As we mentioned last year, credit card issuers are beginning to institute annual fees they are willing to refund if you make enough purchases in a year. The first issuer to start doing this was Citibank, which recently sent notices to cardholders about a $60 fee starting April 1. If cardholders spend $2,400 in a 12-month period, the fee will be waived. The Consumerist had the full text of the letter cardholders received.
I received an e-mail from a reader asking if I knew what she could do:
I am not sure if you have covered this topic but I got a letter in the mail from Citi cards that they are going to now charge a $60 annual fee and that fee is apparently going to be waived at the end of the year if I make at least $2,400 in a year in purchases. I have had this card for a couple years and used it once to do a balance transfer for 0%. I have a limit of $17,300 on this card. I am at a loss on what to do because I may not be able to make the $2,400 in purchases because I use my ... debit card for most of my purchases. My question is: If I were to close this account, how is that going to affect my credit? Will it? What are the factors I should consider before I close the account?
If you think Citibank is alone in this, think again. Issuers are seeing many of their former revenue streams trimmed by the Credit CARD Act and they’re trying to find alternatives. I personally prefer something straightforward like this from the card companies than something a little harder to understand. Plus it doesn’t appear everyone is receiving a similar notice; perhaps it’s just the low-activity cards.

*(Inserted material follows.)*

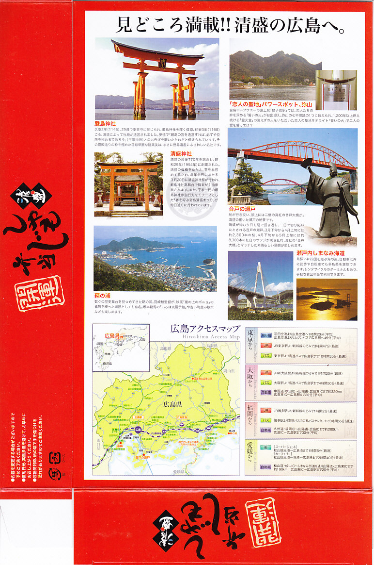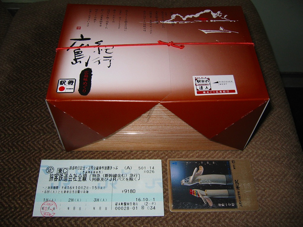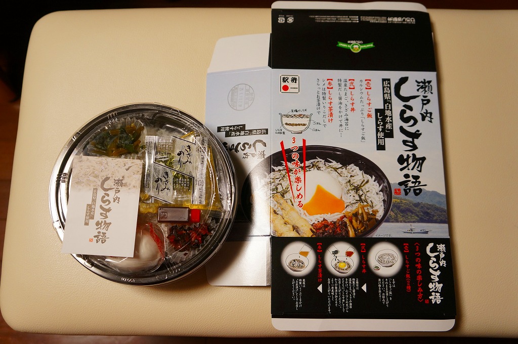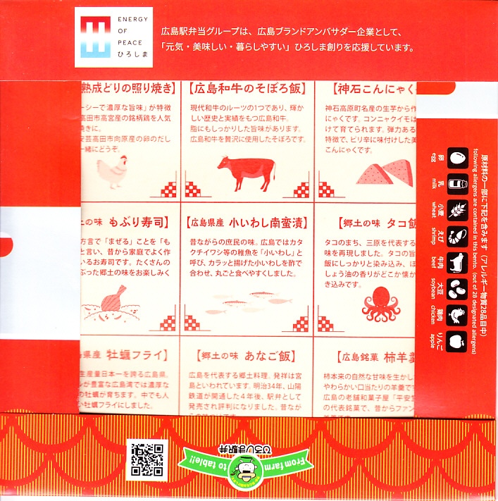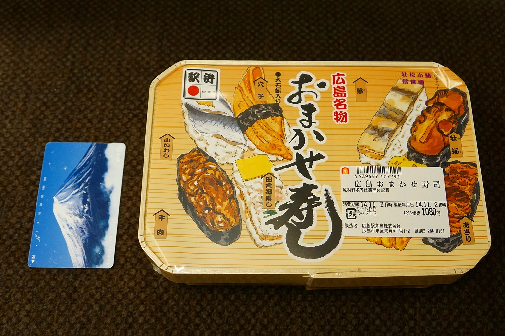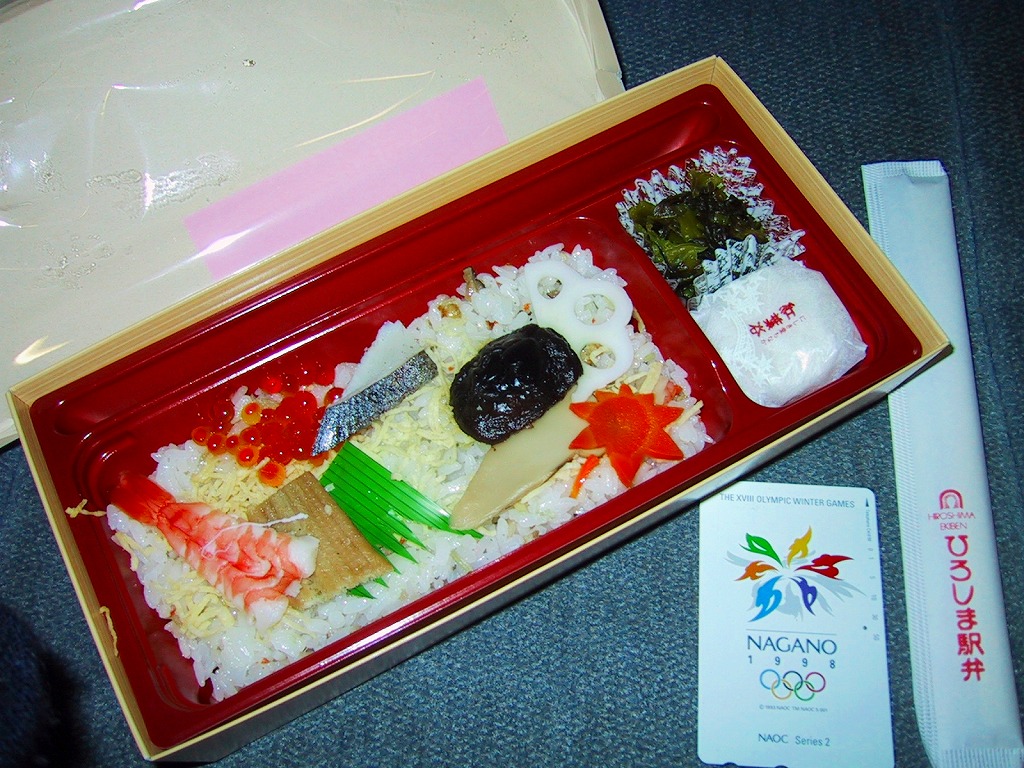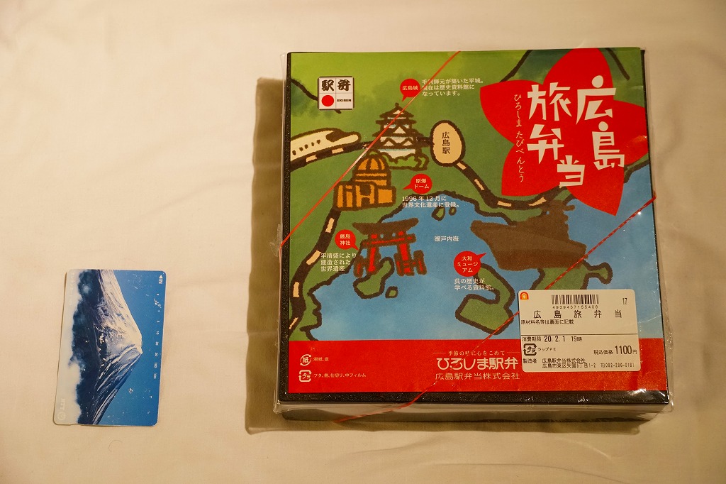 2015(平成27)年8月までに発売。小さな掛紙には広島が誇る観光名所「広島城」「原爆ドーム」「大和ミュージアム」「厳島神社」の地図が、簡単な絵柄で描かれる。中身はタコ飯、穴子飯、牛肉煮、煮物、揚げ玉子やカキフライなどの5区画。広島の食をなんとなく反映しているように見える、幕の内弁当でないけれどそんな用途に向いた駅弁。2020年の春頃までに終売か。

I do have a short-term solution if you decide to keep the card but find yourself falling short of the minimum-purchase requirement: Use it to buy coins from the U.S. Mint. The U.S. Mint has a $1 Coin Direct Ship Program where you can buy up to two boxes ($500 total) of each presidential coin issue (there's no limit on the Native American designs). Shipping is free. (When you add them to your cart, it will show $4.95 for shipping but that will drop to $0 at checkout.)
You can use the coins for regular cash purchases or deposit them at your bank.
Personally, I’m all for more $1 coins entering circulation. A coin can survive 25 years, according to the U.S. Mint, and a paper bill survives less than two years. The more coins we have, the cheaper our currency will be and we all win.